Nosso olhar, todavia, está por demais condicionado culturalmente para não querer percebê-los ou simplesmente para ignorá-los. Eles existem, mas não os vemos. Talvez porque, um tanto inconscientemente, fazemos questão de não perceber o que não nos agrada.
Acontece algo assim também com a memória: selecionamos lembranças. Quando não percebemos nem fazemos conta de alguém, nosso olhar é seletivo. É preciso estar atento para as razões dessa seletividade, a fim de que ela não esteja baseada nalgum preconceito ou discriminação social, seja por conta da raça ou da cor da pele, seja por questão de gênero, seja por motivo de classe social, seja por causa de lugar de origem, seja em virtude de opção política ou ideológica, seja a pretexto de opção religiosa, e outras causas praticamente indesculpáveis sob o ponto de vista da liberdade cívica e da orientação democrática.

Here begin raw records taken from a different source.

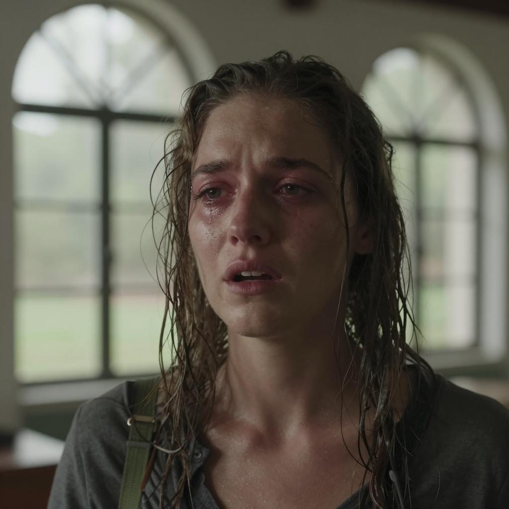 A photograph of a woman with wet, disheveled brown hair, open mouth, and teary eyes. She wears a dark shirt with a green strap visible on her shoulder. Background: large arched windows with green foliage outside.
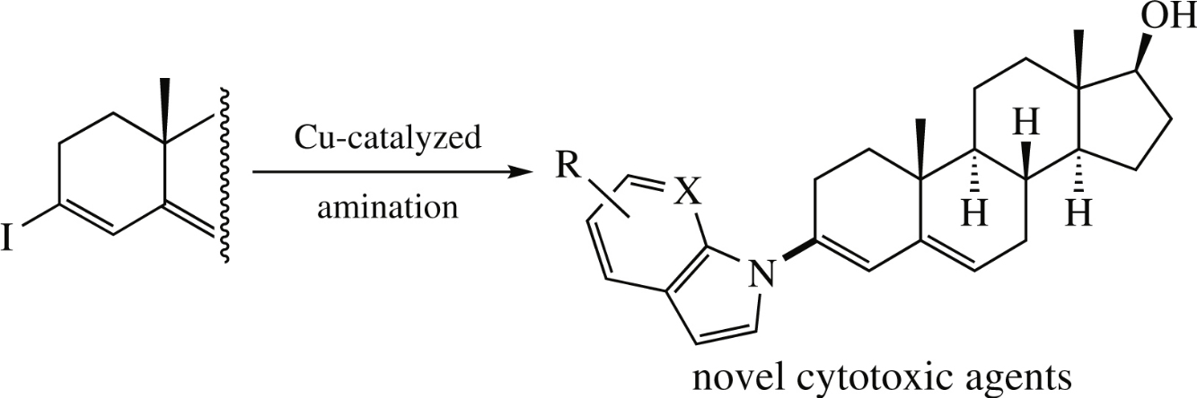 A series of novel 3-azolylandrosta-3,5-dienes was prepared via Cu-catalyzed Ullmann C–N coupling between a readily available steroidal vinyliodide and a variety of NH-heterocycles. The cytotoxic activity of the target compounds was evaluated against selected cancer cell lines (MCF-7, SKOV-3, DU-145, PC-3). Compound bearing gramine fragment showed the highest antiproliferative effect with IC50 values in the range of 2.0–10.1μm.
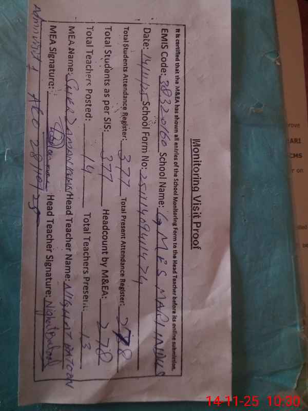 | Attendance Register | Head Teacher | MEA with School | Visit Proof |
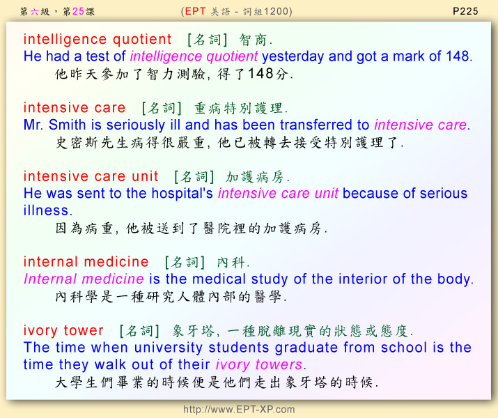 第12部 第五課: ---請大聲重複跟讀 3-5 回合, 不多久, 您必可說出流暢的美語--- intelligence quotient ; intensive care ; intensive care unit ; internal medicine ; ivory tower
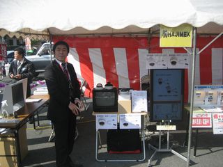 弊社営業のアップですね。 この日は寒空の中、野外での展示会で大変だったと聞いております。 |

A negligência para com os invisíveis, isto é, a invisibilidade socialmente imposta pode resultar, e quase sempre tem resultado, em situações de crise, de violência e de prática de delitos, evidenciando o altíssimo “preço” pago pela sociedade por conta dessa indiferença, em especial para com aqueles em situação de maior risco e de vulnerabilidade social.
É preciso que a sociedade e as instituições notem “os invisíveis” antes que seja tarde demais. Antes que eles já tenham “tomado gosto” pela vida de violência, pela atividade ilícita e pela economia do crime. Antes que eles façam opção definitiva pelo obscurantismo, pela mediocridade, pela corrupção. Antes que eles, por fim, sejam percebidos somente quando estiverem apontando uma arma para nossas cabeças ou se apropriando indevidamente de recursos públicos por meio de mandatos e cargos públicos, eletivos ou não.
Não há pior forma de perceber os que há pouco eram invisíveis do que numa dessas situações, sendo vítima de ameaças ou de práticas delituosas dos mesmos. Antes não existiam, mas perceberam que com uma arma, na prática de delitos, passaram a ser notados. Gostar dessa visibilidade é um vício perigoso e, muito frequentemente, fatal seja para a vítima seja para o autor.
O problema é deixar socialmente que se chegue à construção dessa identidade: apreciar a associação à violência, à ilicitude, à corrupção e à delinquência. Identificar-se com essa cultura criminógena é devolver a violenta indiferença e a invisibilidade social da pior forma possível à sociedade: convertendo a invisibilidade num fator de violência e criminalidade. É quando, com efeito, a invisibilidade social se torna uma séria questão de insegurança pública. Por isso, quaisquer que sejam as sociedades nos padrões ocidentais vigentes, suas instituições e órgãos precisam perceber o quanto antes aqueles indivíduos e grupos submetidos a essa invisibilidade social a que nos referimos, principalmente com vistas a evitar maiores problemas de insegurança pública e a promover maior inclusão social, cidadania e valorização da dignidade humana.